France moves toward allowing euthanasia with new legislation

The legislation also states that if a person had indicated either before or during sickness how they wished to die then doctors should take account of those instructions. (Reuters)

The legislation also states that if a person had indicated either before or during sickness how they wished to die then doctors should take account of those instructions. (Reuters)

French parliament will debate from January a draft law that would move a step closer to euthanasia by allowing a right to “deep and ongoing sedation” until death for terminally ill patients who request it.

Apart from Belgium, the Netherlands and Switzerland, few countries in the world explicitly permit euthanasia or assisted suicide, sometimes called mercy killings.

Speaking after a report on the matter was made public on Friday, President Francois Hollande said current legislation was too focused on the doctor’s analysis and did not consider the patient’s wishes.

“These proposals are centred on the patients whose suffering should be avoided. It respects their choice and wishes,” said Hollande, who has publicly referred on several occasions to the suffering his own aged mother experienced before her death.

Grey areas
Hollande promised before his 2012 election to introduce new right-to-die legislation in France, which left grey areas in a 2005 law on patient rights and care for the terminally ill.

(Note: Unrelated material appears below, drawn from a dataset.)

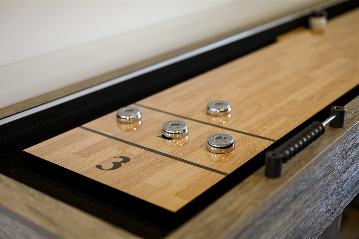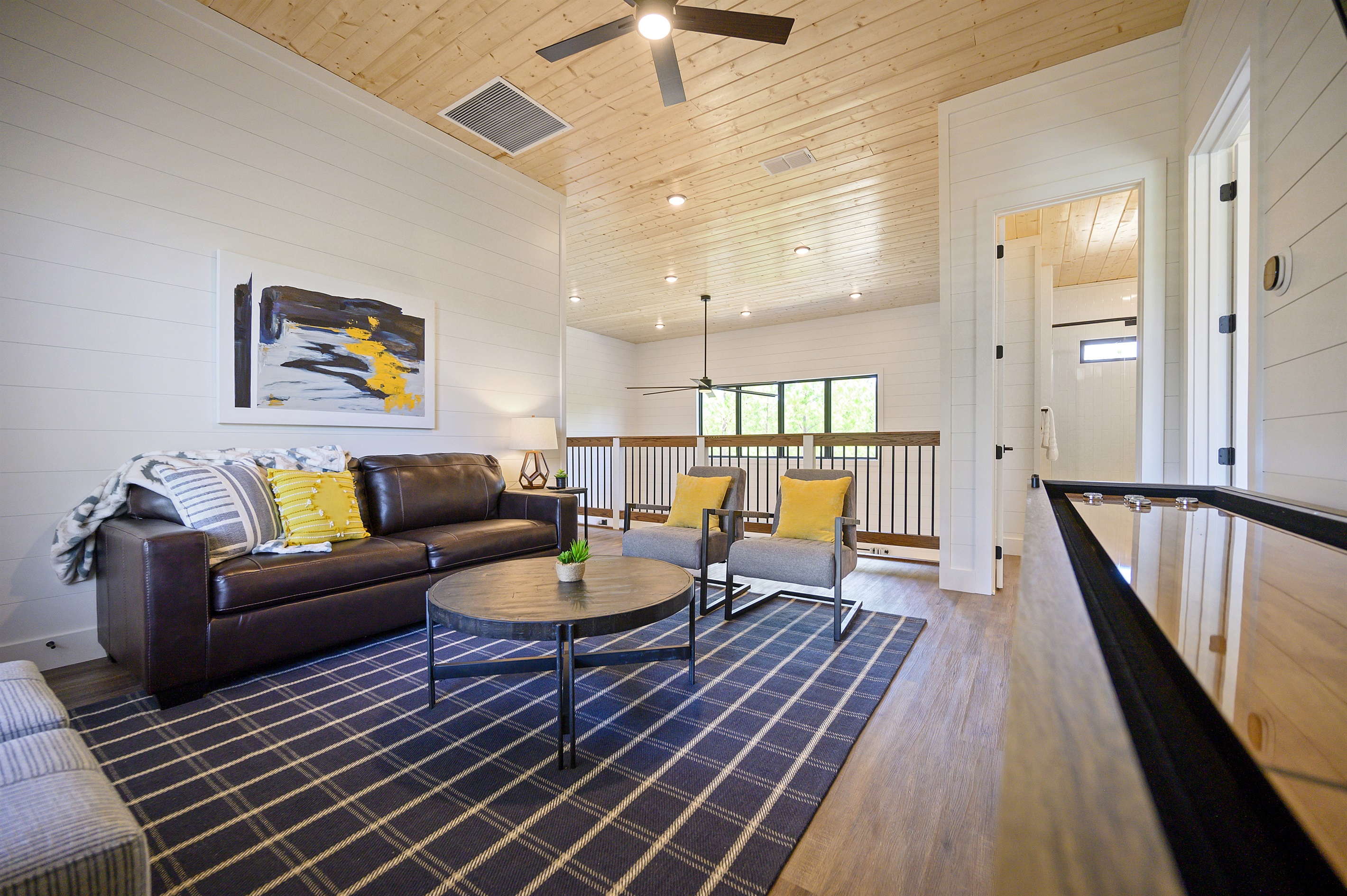 • Upstairs, two more bedrooms and a game room loft await. One bedroom houses four twin bunks and opens onto the upstairs deck, while the other offers a king bed and similar furnishings to the primary bedroom, including a hidden small bunk room for extra fun. The game room loft is the ultimate entertainment space, featuring a TV, a pullout couch, board games, and a shuffleboard table, plus access to the second-story deck for outdoor enjoyment.

The so-called Leonetti law currently limits therapeutic obstinacy”, or treatments that only prolong the life of a terminally ill patient without providing a cure.

Hollande said the new proposals would mean that if a patient’s life was immediately in danger and the treatment was not working or causing more suffering then they could be sedated with life-support equipment switched off.

If a patient was unable to decide alone, then the doctor after a consultative process, would have an obligation to end treatment because it would only be keeping the patient artificially alive, Hollande said.

Advance directives
He also said that if a person had indicated either before falling seriously ill or during their sickness how they wished to die then doctors should take account of those instructions.

“Advance directives in which everyone can stipulate refusal of aggressive treatment for serious illness would be “binding” under these proposals,” Hollande said.

Opinion polls show broad support for legalised euthanasia in late terminal cases. Hospital staff convicted of helping patients die in recent years have often been given suspended sentences in view of this approach.

The issue gained prominence after an elderly couple committed suicide in a luxury Paris hotel in 2013 leaving a note explaining that they had wanted to die with dignity.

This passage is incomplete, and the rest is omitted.